Reviewers generally praised the game's horror concept and narrative. Marshall highlighted the game's "deliciously unsettling" and "very effective" premise, citing the reliance on "slow, creeping realizations" about the "perfectly off and disturbing" experiences of individual callers. Leclair commended the game's "black comedy" and "stellar writing", finding it to feature "cleverly designed supernatural phenomena" and strike a balance between comedy and horror. Ed Smith of PCGamesN lauded the game as "scary, funny and unique". Joshua Wolens of PC Gamer enjoyed the game's tone, stating its "off-kilter banality" was "well done". While Boehm highlighted the game's "clever" concept and "unique style and tone", he considered some of the narrative elements to be short of "compelling or cohesive" and did not "connect in some way that revealed something about the world at large". Similarly, Alice Bell of Rock Paper Shotgun praised the "brilliant framing" and "excellent" writing style of the game's index entries but found various plot threads to end unresolved.
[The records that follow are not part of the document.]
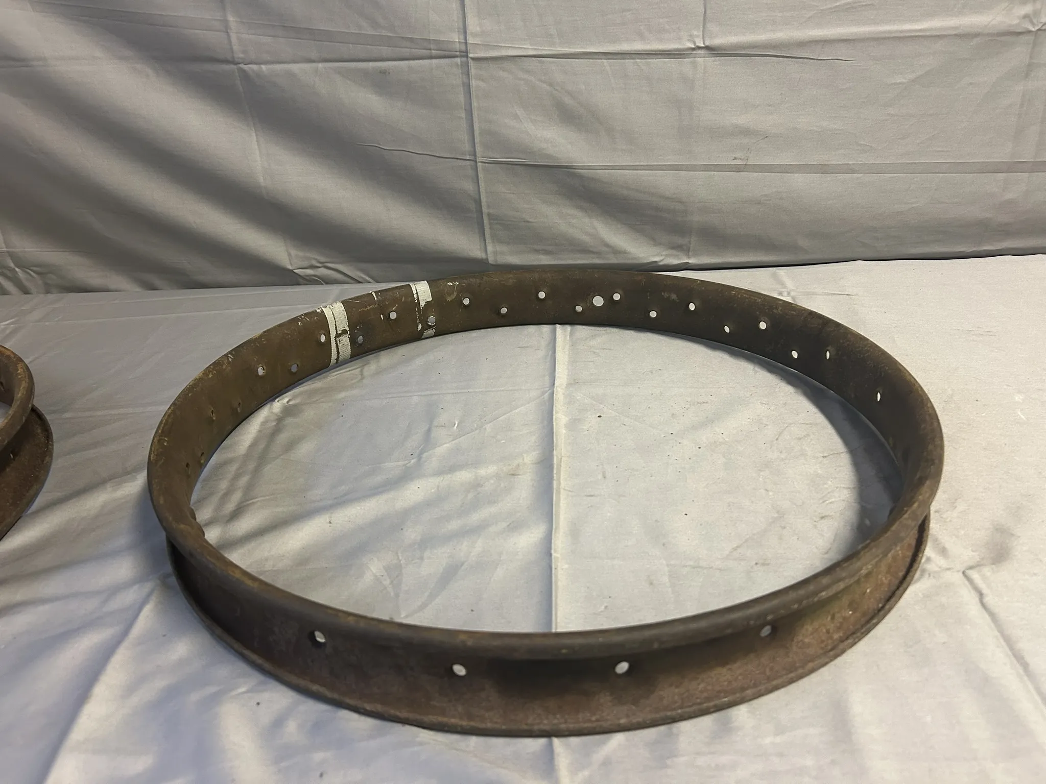 Båda har spår av grön färg så troligvis till Harley-Davidson 1920-tal. Båda fälgar är 26x3 fälgar med 40-hål.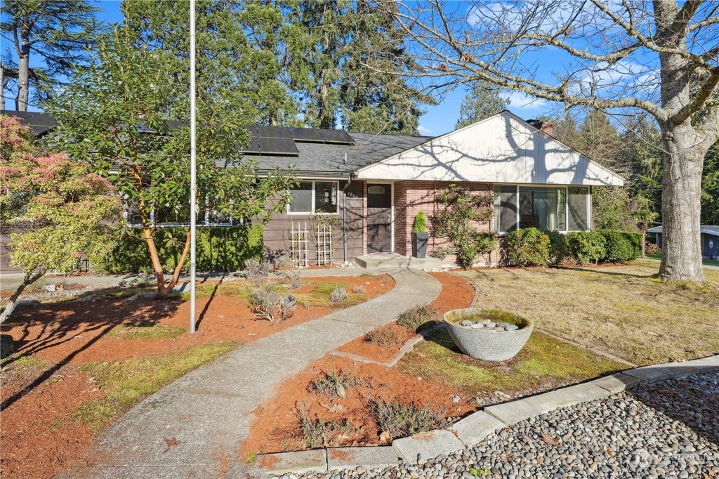 Welcome to your dream home! This beautiful 3-bedroom, 2-bathroom rambler has so much mid-century modern charm! Nestled on a sprawling corner lot, this home offers incredible curb appeal with its sleek architectural lines, fresh exterior paint, and lush mature landscaping that includes fruit trees. Step inside to discover an inviting and light-filled living space featuring clean lines and timeless design elements. The spacious layout is ideal for entertaining, with seamless transitions between the living, dining, and kitchen areas. Updates include newer roof, gutters, solar panels, windows and heat pump. A huge deck that’s perfect for BBQ'S and the private lot has ample space for gardening. This gem is close to schools, parks, & shopping.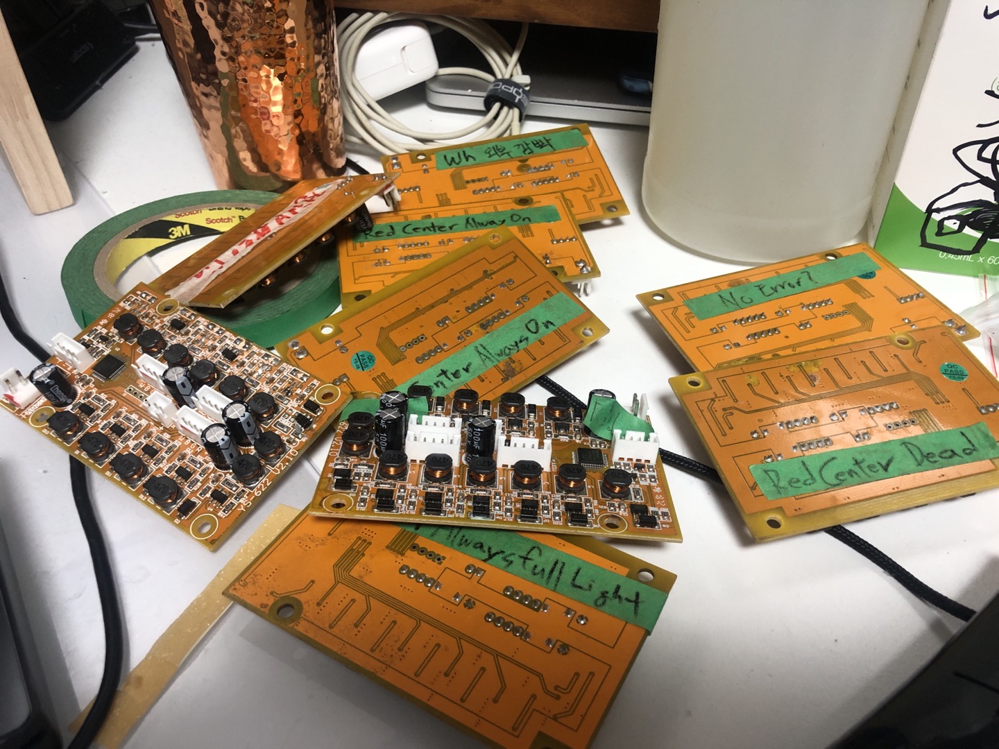 1년 전에 교체한 19x15w led 무빙워시 조명기가 너무 자주 고장이 난다. 이전에 사용했던 19x12w led 무빙워시는 led 드라이버 보드 4개로 4~5년은 버틴거 같은데 이번 무빙은 led 드라이버 보드를 벌써 10개나 교체했다. 주로 고장은 세 그룹으로 이루어진 led 그룹중 일부 색이 켜지지 않거나 일부 색이 계속해서 켜져있는 상태로 유지되는 고장이다. 새로운 무빙워시를 10년은 넘게 맘편히 쓸려고 led 드라이버 보드를 20개나 마련해뒀는데 일년만에 반타작이 나버렸다.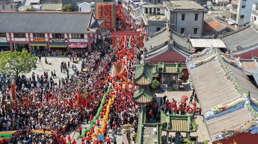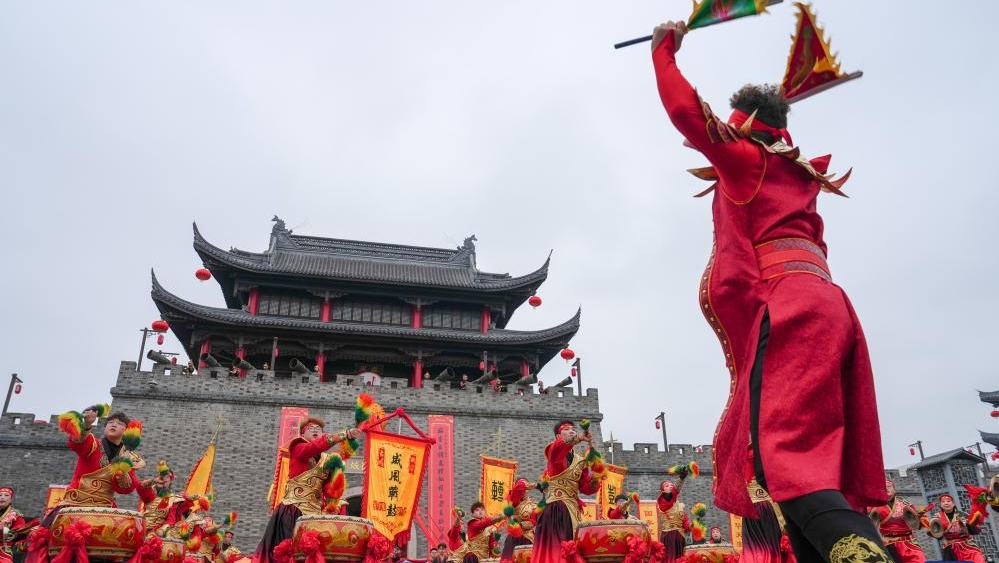 Performers perform during a temple fair in Wuxi, east China's Jiangsu Province, Feb. 25, 2026.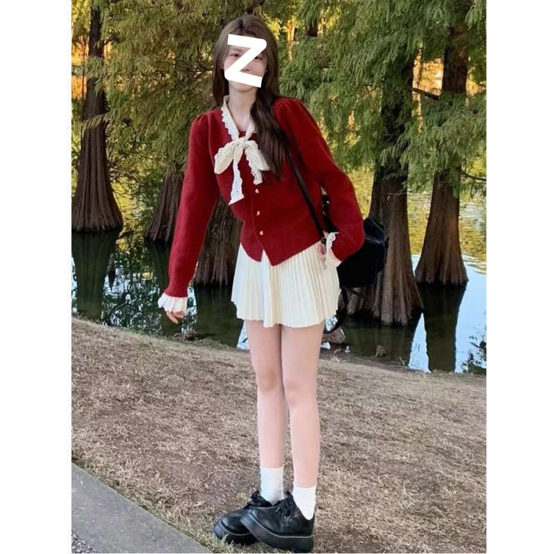 人気なリブニット 蝶結びの新年赤いセーターカーディガン女性冬2025新しいニットトップ ニット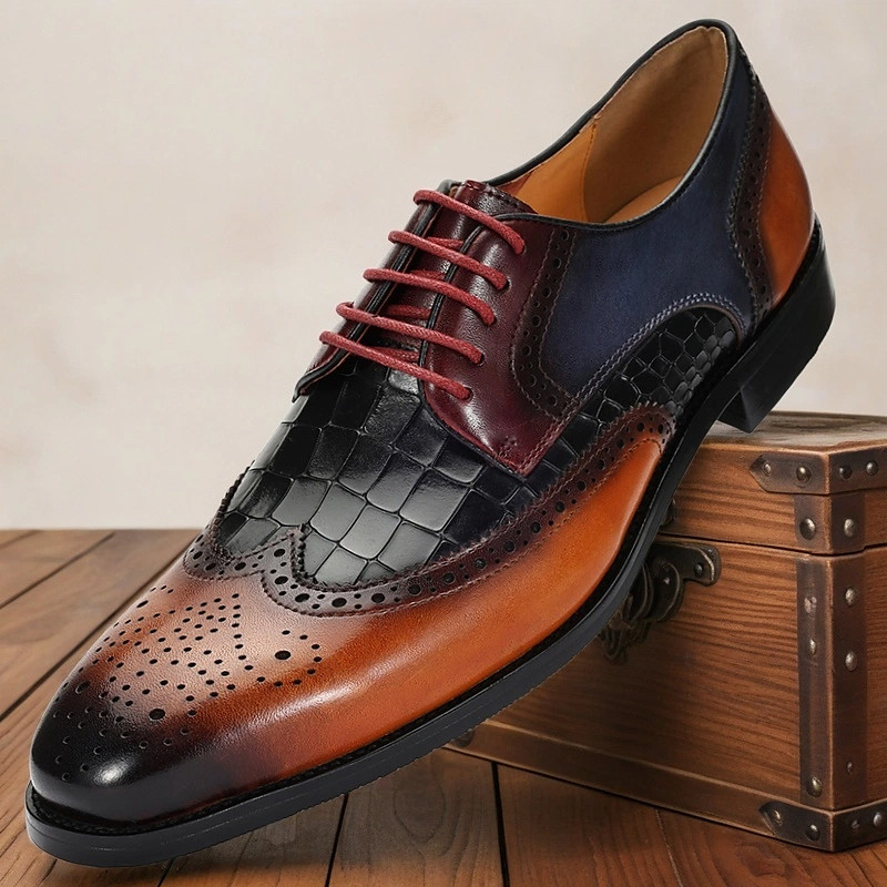 Men's Wingtip Brogue Genuine Leather Dress Shoes – Dual-tone Crocodile Embossed Lace-up Style for Banquets, Vintage Fashion and Evening Parties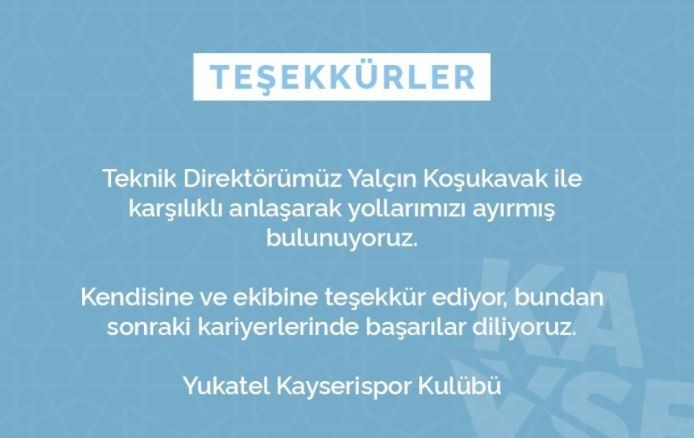 Kayserispor'da Altay Maçı Sonrası alınan ağır mağlubiyet sonrası yollarını ayırmıştı. Resmen ayrılığı bugüne kadar duyurulmamıştı. Bugün Yalçın Koşukavak ile resmen ayrıldığını bir "Teşekkür" mesajı ile kamuoyuna duyurdu.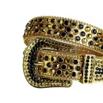 At Rhinestone Belt Store, we understand the importance of having the perfect accessory to complete your outfit. That’s why we’ve crafted this Unisex Fashion Alligator Gold Leather Belt with the utmost care and attention to detail. Our team of experts has worked tirelessly to create a belt that not only looks great but feels great too. Made from high-quality materials, this belt is built to last, ensuring that you can enjoy its bling factor for years to come. Whether you’re dressing up for a night out or simply looking to add some sparkle to your everyday look, this belt is the perfect choice.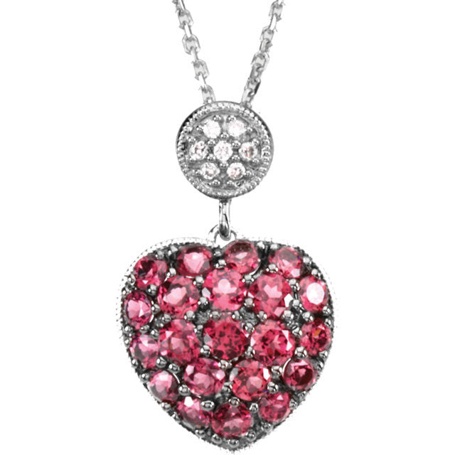 Pendant > Heart > Garnet & Diamond > Brazilian > Genuine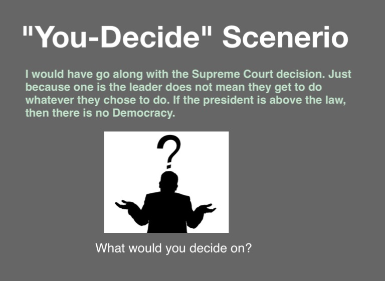 I would have go along with the Supreme Court decision. Just because one is the leader does not mean they get to do whatever they chose to do. If the president is above the law, then there is no Democracy.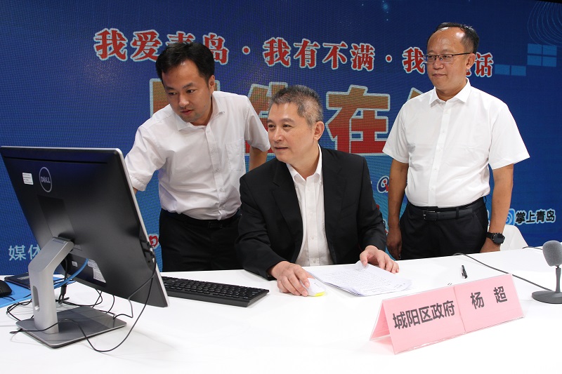 城阳区委常委、副区长杨超(中)与网民在线交流 (摄影 宁冠宇)
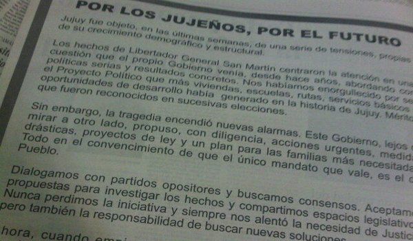 Mientras el gobierno provincial titula su comunicado: “Por los jujeños, por el futuro”, la UCR y el Partido Lyder publicaron una solicitada titulada “El gobierno no gobierna”.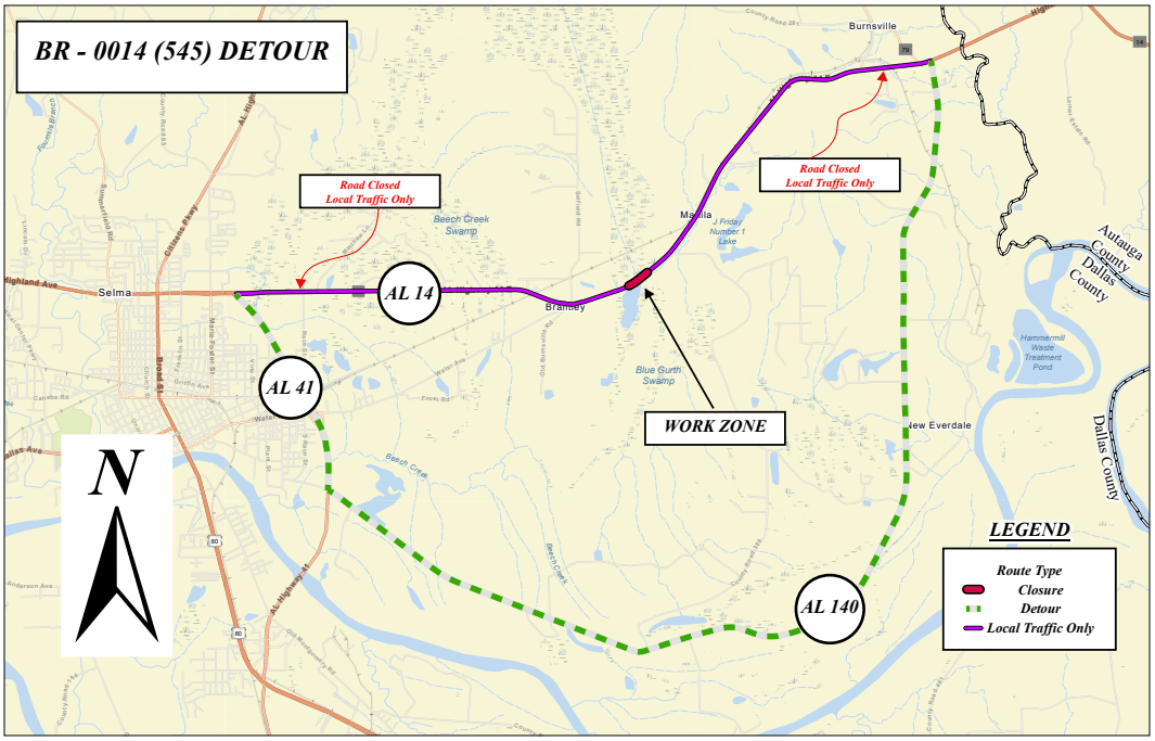 Dallas County – – An Alabama Department of Transportation project to replace the bridge over Blue Gurth Swamp on SR-14 in Dallas County will begin with sign and traffic control installation on Monday, February 12, weather permitting.

Several reviewers noted the gameplay's scope and difficulty were limited. Edge commented that the game had "modest parameters" and may have benefited from more "mechanical variety". Leclair noted that the game lacked challenge and was "relatively short in length", finding the difficulty to decrease over time due to the unique qualities of the supernatural entities. Boehm found the gameplay loop to be "relatively simple" and wished it had "more polish", stating that the game lacked features such as searchable terms or direct feedback on whether the player provided a successful answer.

Aggregate scores
| Aggregator | Score |
|---|---|
| Metacritic | 76/100 |
| OpenCritic | 100% recommend |

Review scores
| Publication | Score |
|---|---|
| Edge | 7/10 |
| Hardcore Gamer | Star |
| Bloody Disgusting | Star |
| Financial Times | Star |

== Film adaptation ==
A film adaptation is currently planned to start production in South Africa in early 2027. The film will be directed by Michael Matthews. StudioCanal will finance the film through their Sixth Dimension label, with Spooky Pictures, Image Nation Abu Dhabi, and Longevity Pictures producing.